Recorded information:
============
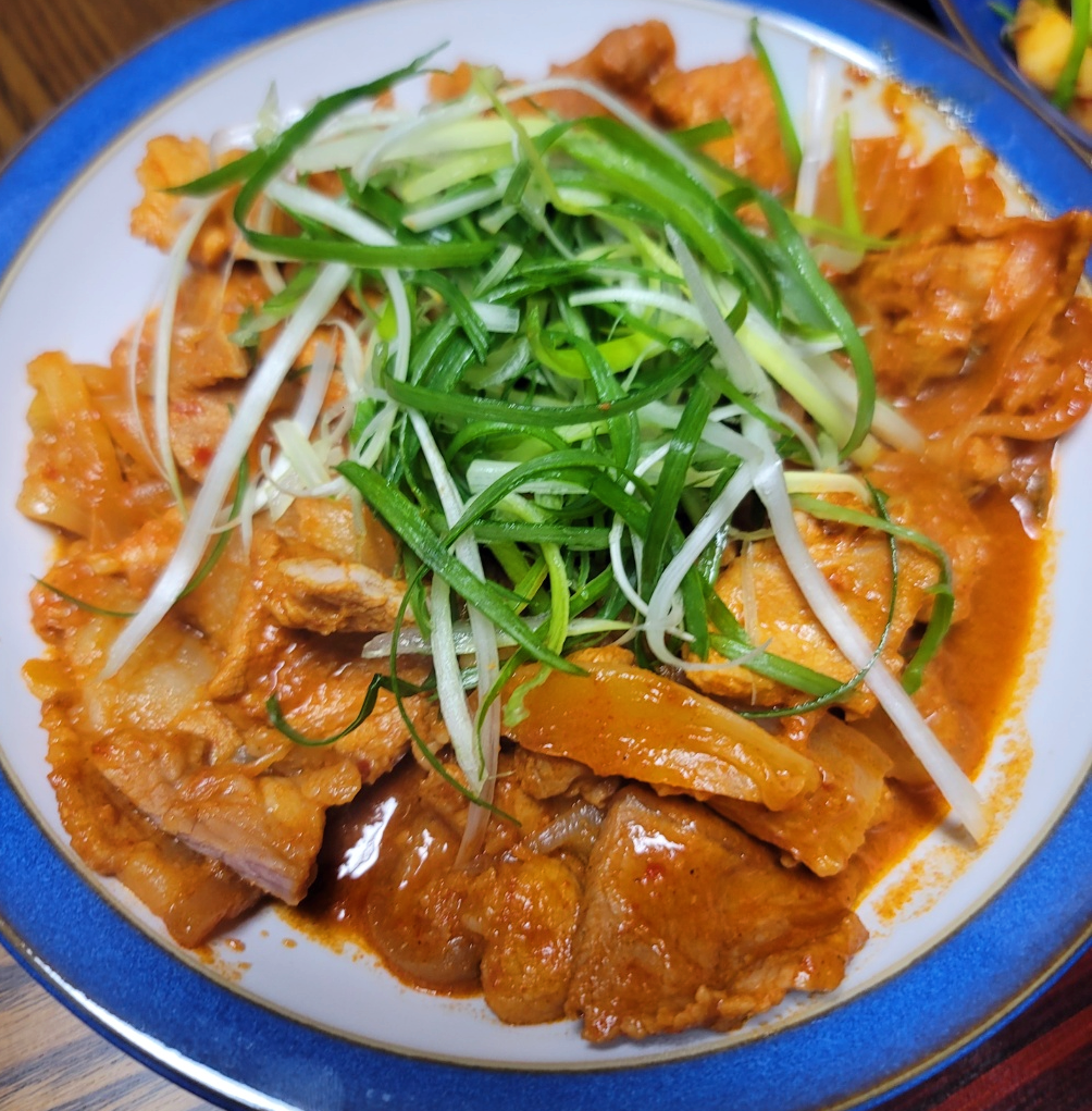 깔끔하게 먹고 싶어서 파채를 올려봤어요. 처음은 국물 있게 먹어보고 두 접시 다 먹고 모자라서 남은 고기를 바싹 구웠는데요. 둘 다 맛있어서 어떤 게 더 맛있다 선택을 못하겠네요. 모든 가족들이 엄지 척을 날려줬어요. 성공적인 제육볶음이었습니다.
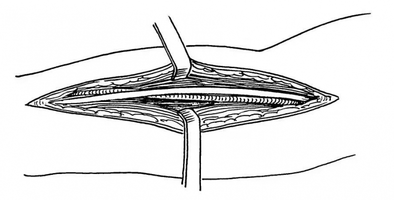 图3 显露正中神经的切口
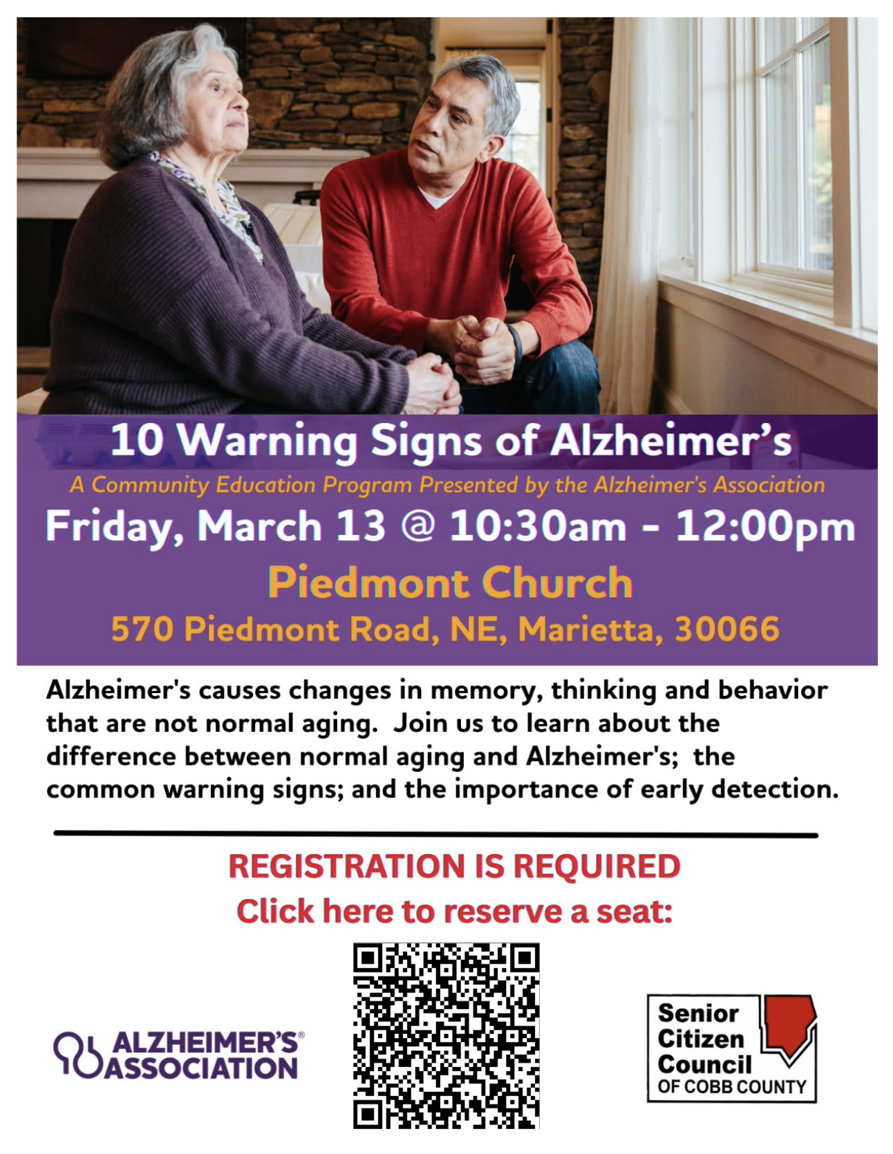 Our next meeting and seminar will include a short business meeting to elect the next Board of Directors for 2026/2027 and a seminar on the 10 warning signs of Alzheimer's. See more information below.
============
Your instructions: Your copy must begin at the line containing "图3 显露正中神经的切口" and end at the last line of the material above. Reproduce each line exactly, but not the pictures.

Answer to this task:
 图3 显露正中神经的切口
 Our next meeting and seminar will include a short business meeting to elect the next Board of Directors for 2026/2027 and a seminar on the 10 warning signs of Alzheimer's. See more information below.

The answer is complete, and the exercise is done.